= Wolfgang Victor Ruttkowski =

Wolfgang Victor Ruttkowski is a scholar of literature and culture. He has written four works of comparative literature and psychology of art, now considered standards of their genre. Born in 1935 in Silesia (now Poland), he began his studies in 1961 at the University of Vienna studying theatre arts (he also attended the directors class of the Burgtheater under Krauss) and at the University of Göttingen, mainly German and comparative literature under Wolfgang Kayser. After the latter's unexpected death, he received a DAAD-scholarship at McGill university in Montreal/Canada (1963–65). He obtained his PhD on the subject of cabaret ballads in Germany (Das Literarische Chanson in Deutschland) after which he was invited by Göttingen University for an oral examination, after which he also received the German Dr.Phil. The idea of this topic, formerly never dealt with in a scholarly fashion, came from his nightly performances in cabarets and nightclubs, where he sang German and French cabaret songs and American jazz standards.

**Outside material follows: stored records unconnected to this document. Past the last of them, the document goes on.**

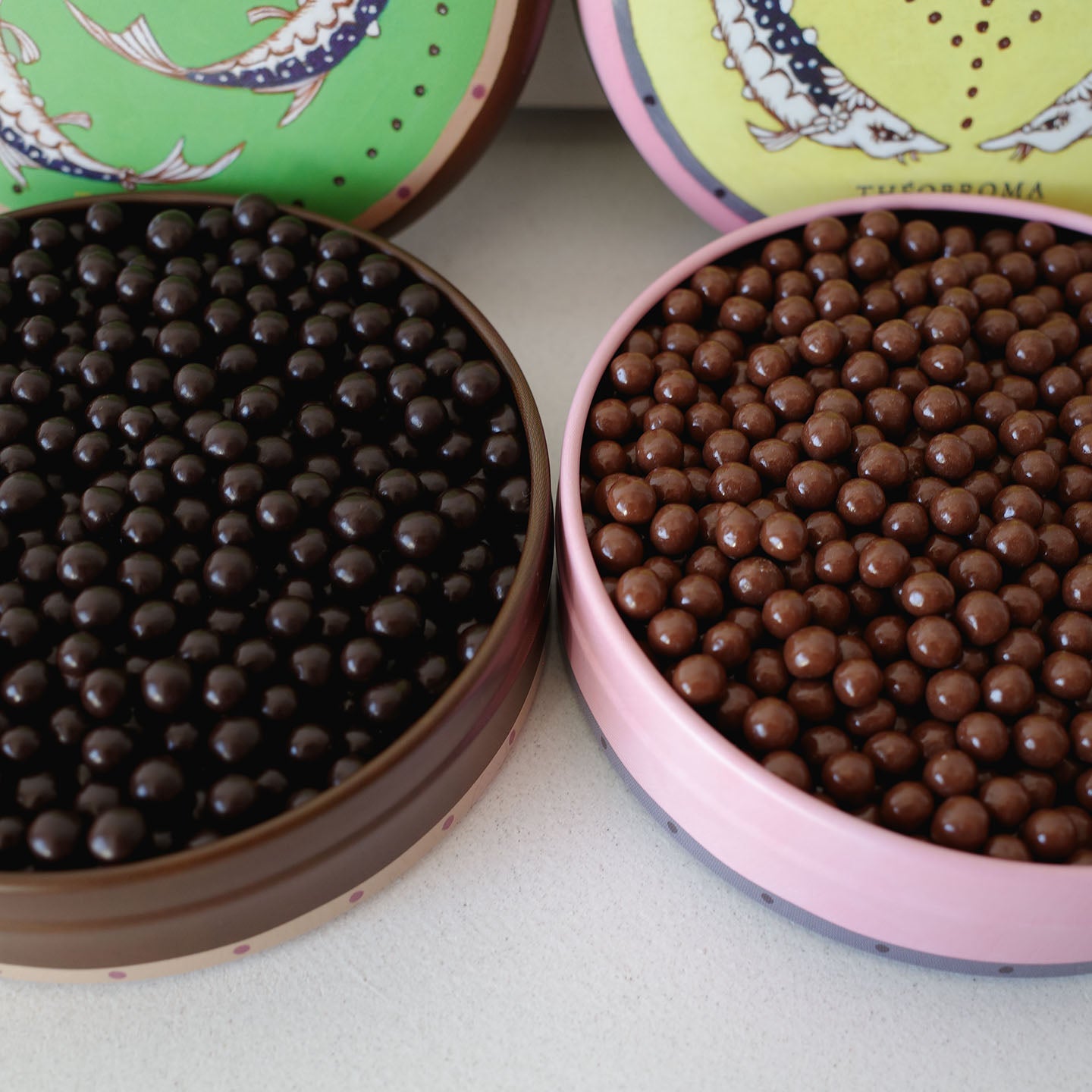 そんな厳選したチョコレートでシリアル(小麦クランチ)をコーティングし「キャビア」の形を模したチョコレートです。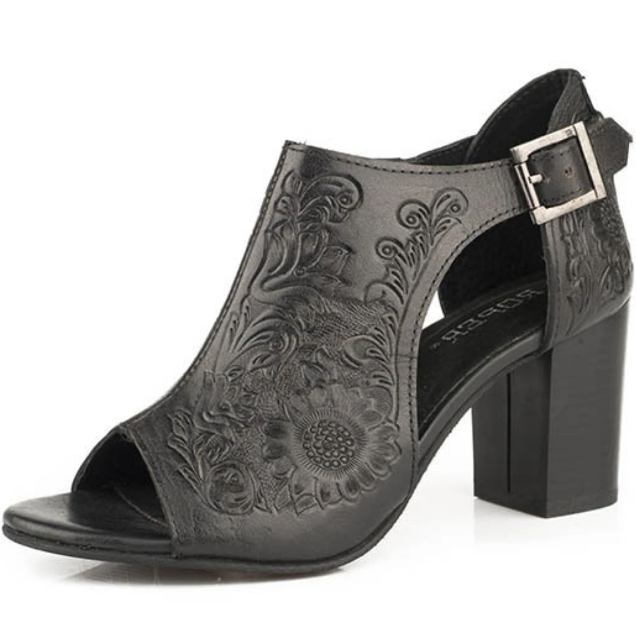WOMENS BLACK OPEN TOE HEEL.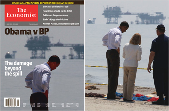 《經濟學人》的這張封面照讓美國民眾極為憤怒。原來,這張圖片被編輯做了刻意的修改,利用Photoshop去掉了兩個人——站在奧巴馬右側的拉福什縣縣長夏洛特·蘭道夫(Charlotte Randolph)(中)和美國海岸警衛(wèi)隊司令薩德·艾倫(Thad Allen)。而這樣做的目的就是營造出“孤獨”的氣氛。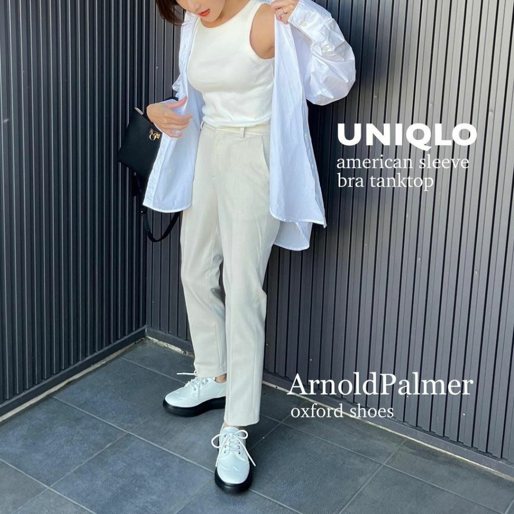 ラクにはけるので、オフの日にもベストマッチ。アメスリタンクトップにシャツを羽織った涼しげコーデでは、パンツがきれいめさを主張。大人っぽさも忘れないカジュアルな着こなしに仕上がっています。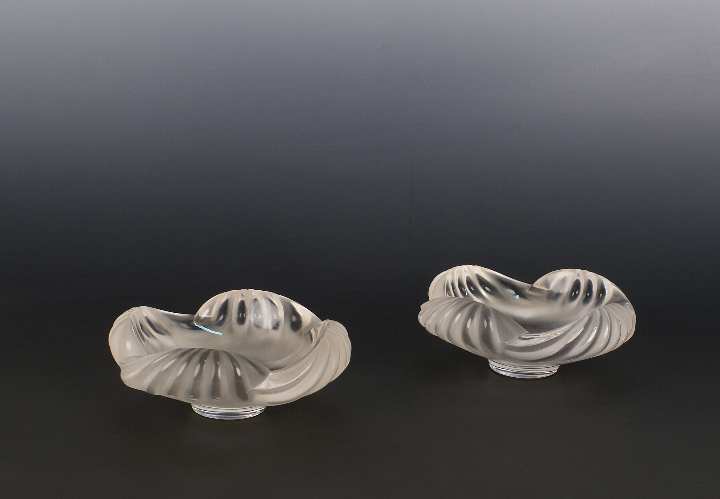 COPPIA DI POSACENERI Lalique Francia in cristallo satinato con profilo sagomato, firmati sotto la base 7x18 cm.

His dissertation was published by Francke in Bern and immediately made his name in the scholarly world. He accepted a guest professorship at Tokyo University (1972–74). There he found time to pursue his interest in "audience-related" literature, of which the cabaret song is the most obvious example. But he also studied all types of artists, from the first Greek authors to contemporary international psychological literature, combining this interest with psychology of stratification of personalities. This led to the publication of his second and third works: Literary Genres (Die Literarischen Gattungen, Francke, 1968) and Types and Strata (Typen und Schichten, Francke, 1978). At this time (1972–74) he was teaching at New York University.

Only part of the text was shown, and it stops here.